- WHAT THE EXERCISE ASKS -
What you should give back is a precise copy of the lines below from the one containing "Termostat grzejnikowy w" through the one containing "2018/19 Paris Saint-Germain", with no pictures.

- TASK DATA -
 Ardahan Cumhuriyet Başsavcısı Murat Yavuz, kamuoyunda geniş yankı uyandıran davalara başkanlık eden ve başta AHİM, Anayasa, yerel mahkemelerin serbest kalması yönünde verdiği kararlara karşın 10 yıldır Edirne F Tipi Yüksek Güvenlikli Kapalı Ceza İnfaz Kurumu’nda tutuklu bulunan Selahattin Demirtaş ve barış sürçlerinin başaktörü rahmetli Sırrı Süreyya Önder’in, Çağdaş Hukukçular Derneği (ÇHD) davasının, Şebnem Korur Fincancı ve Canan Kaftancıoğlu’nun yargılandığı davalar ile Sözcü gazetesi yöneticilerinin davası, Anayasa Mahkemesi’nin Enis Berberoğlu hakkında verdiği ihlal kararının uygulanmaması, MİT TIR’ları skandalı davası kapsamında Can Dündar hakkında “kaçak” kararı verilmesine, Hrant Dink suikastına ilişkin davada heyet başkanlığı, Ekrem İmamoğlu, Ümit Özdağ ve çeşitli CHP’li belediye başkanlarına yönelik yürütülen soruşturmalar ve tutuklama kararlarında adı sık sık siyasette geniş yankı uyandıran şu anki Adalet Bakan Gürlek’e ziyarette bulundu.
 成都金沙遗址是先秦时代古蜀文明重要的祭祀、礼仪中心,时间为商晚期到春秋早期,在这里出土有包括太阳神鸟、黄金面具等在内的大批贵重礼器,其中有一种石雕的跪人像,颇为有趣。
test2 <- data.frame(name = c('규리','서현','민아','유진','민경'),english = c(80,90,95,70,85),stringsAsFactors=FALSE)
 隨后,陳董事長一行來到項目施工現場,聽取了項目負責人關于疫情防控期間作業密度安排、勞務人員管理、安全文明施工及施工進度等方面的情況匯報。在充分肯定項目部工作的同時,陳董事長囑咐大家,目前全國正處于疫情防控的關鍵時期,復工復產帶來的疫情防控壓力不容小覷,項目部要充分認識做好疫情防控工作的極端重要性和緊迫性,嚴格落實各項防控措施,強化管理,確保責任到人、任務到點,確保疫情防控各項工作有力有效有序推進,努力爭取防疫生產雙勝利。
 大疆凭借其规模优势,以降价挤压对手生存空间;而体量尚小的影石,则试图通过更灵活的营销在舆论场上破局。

---

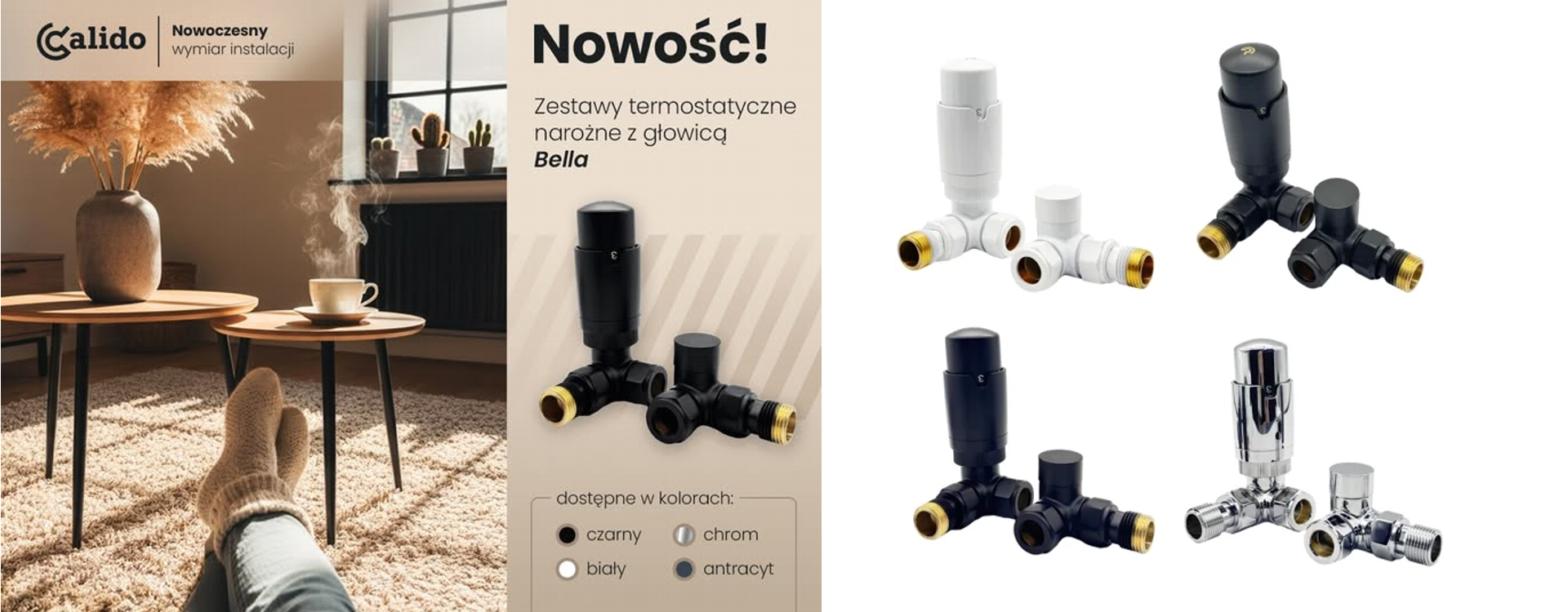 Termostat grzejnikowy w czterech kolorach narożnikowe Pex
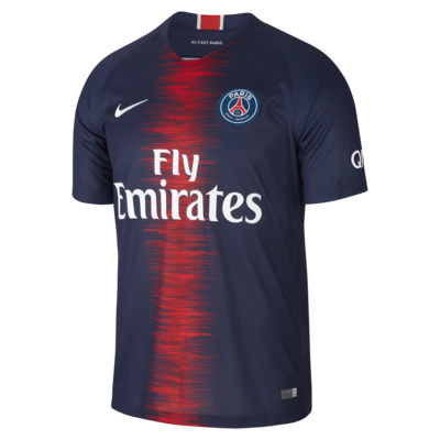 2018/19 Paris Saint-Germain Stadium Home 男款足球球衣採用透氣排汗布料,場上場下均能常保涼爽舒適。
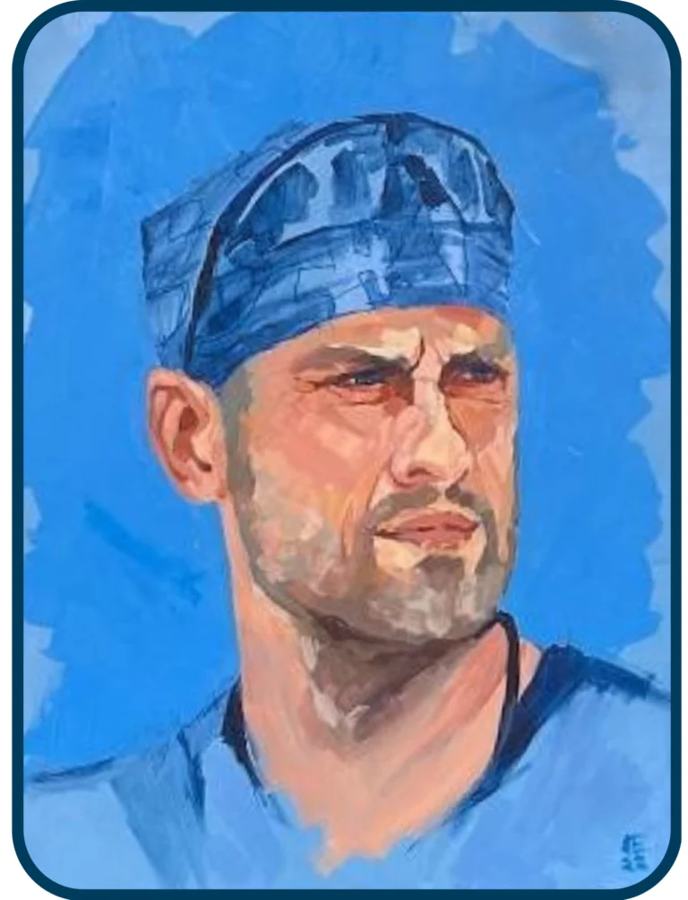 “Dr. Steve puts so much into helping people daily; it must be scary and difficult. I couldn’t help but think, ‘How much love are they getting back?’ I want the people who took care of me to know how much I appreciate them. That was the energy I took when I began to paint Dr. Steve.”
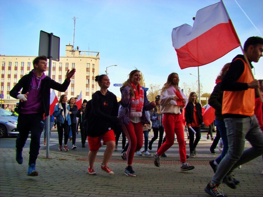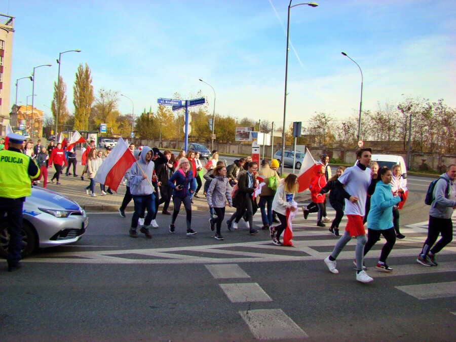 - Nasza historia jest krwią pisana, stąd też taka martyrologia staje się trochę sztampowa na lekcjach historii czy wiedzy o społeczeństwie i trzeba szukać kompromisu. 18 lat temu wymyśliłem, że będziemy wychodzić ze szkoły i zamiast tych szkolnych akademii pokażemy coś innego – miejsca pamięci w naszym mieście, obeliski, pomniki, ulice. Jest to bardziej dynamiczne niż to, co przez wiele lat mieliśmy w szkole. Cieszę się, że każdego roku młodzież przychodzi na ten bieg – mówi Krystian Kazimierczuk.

* * *

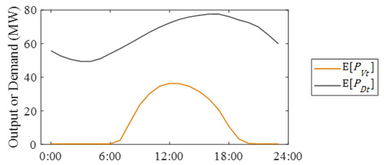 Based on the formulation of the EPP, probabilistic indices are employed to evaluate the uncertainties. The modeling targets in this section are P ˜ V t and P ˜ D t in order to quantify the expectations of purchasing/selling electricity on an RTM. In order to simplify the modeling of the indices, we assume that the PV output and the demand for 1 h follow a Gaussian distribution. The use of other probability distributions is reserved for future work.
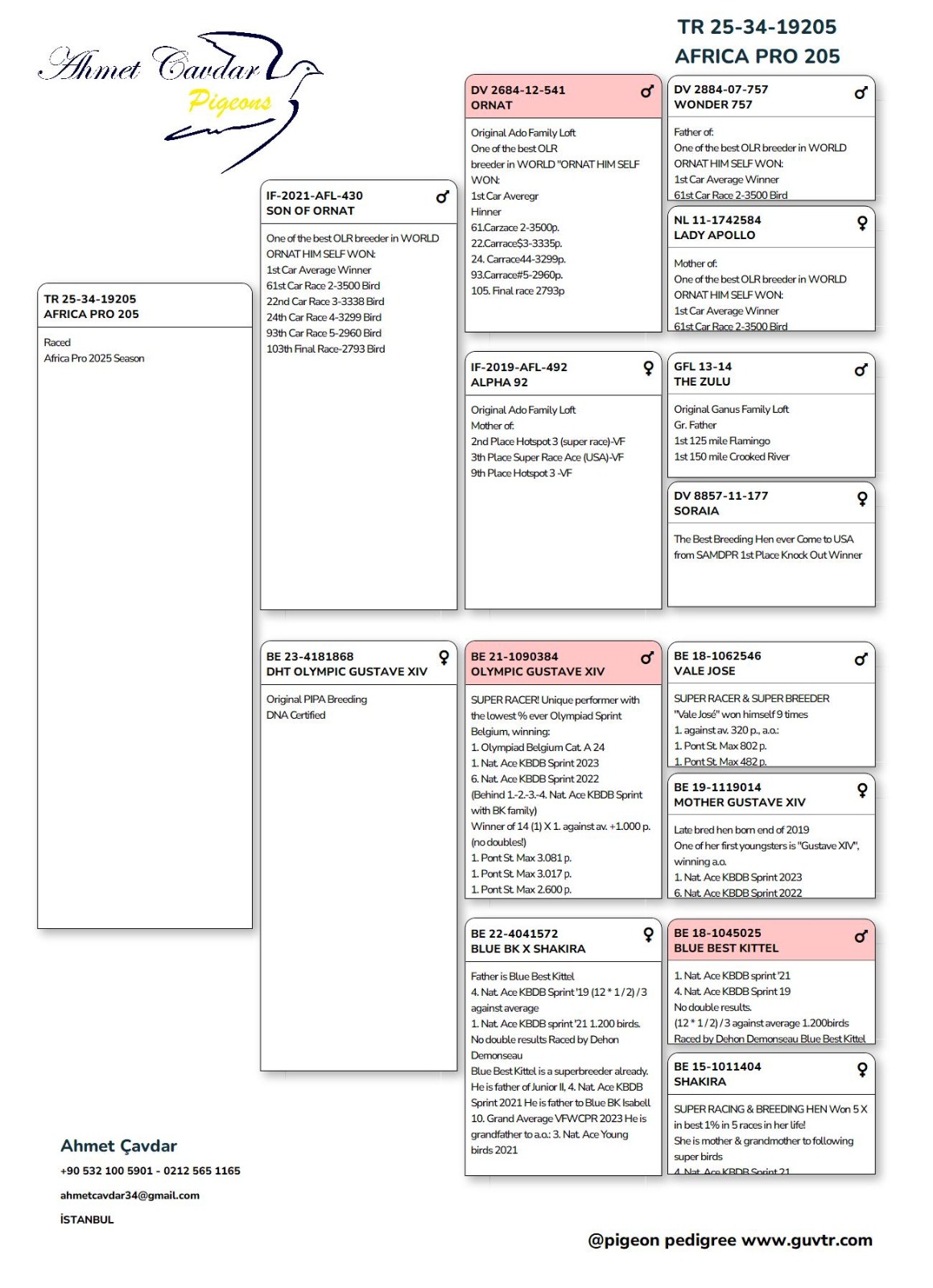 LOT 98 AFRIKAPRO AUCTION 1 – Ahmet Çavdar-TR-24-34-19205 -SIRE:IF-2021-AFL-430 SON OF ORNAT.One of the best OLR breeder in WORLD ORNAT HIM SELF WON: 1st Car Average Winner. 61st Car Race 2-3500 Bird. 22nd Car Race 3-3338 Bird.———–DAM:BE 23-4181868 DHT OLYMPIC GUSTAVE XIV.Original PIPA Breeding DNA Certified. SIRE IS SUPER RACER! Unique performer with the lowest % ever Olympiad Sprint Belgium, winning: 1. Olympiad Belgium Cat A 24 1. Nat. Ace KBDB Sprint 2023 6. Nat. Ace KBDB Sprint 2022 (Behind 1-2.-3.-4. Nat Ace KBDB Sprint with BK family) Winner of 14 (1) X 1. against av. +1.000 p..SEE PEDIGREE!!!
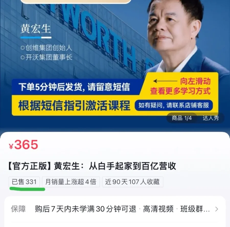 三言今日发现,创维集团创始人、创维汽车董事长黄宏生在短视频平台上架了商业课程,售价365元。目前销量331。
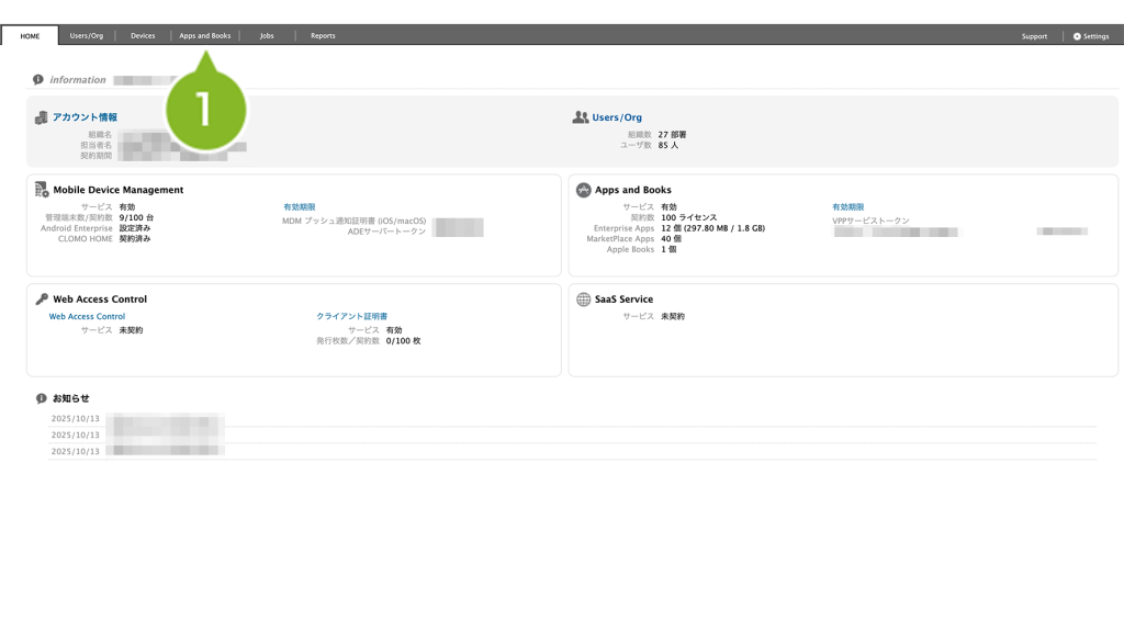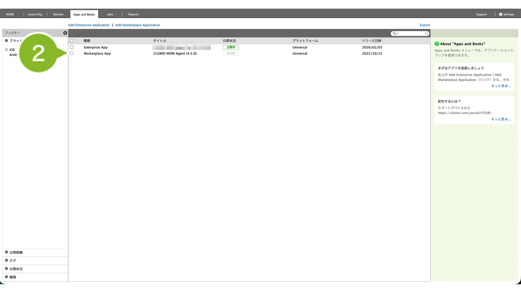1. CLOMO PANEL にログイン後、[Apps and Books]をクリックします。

- EXERCISE SOLUTION -
 Termostat grzejnikowy w czterech kolorach narożnikowe Pex
 2018/19 Paris Saint-Germain Stadium Home 男款足球球衣採用透氣排汗布料,場上場下均能常保涼爽舒適。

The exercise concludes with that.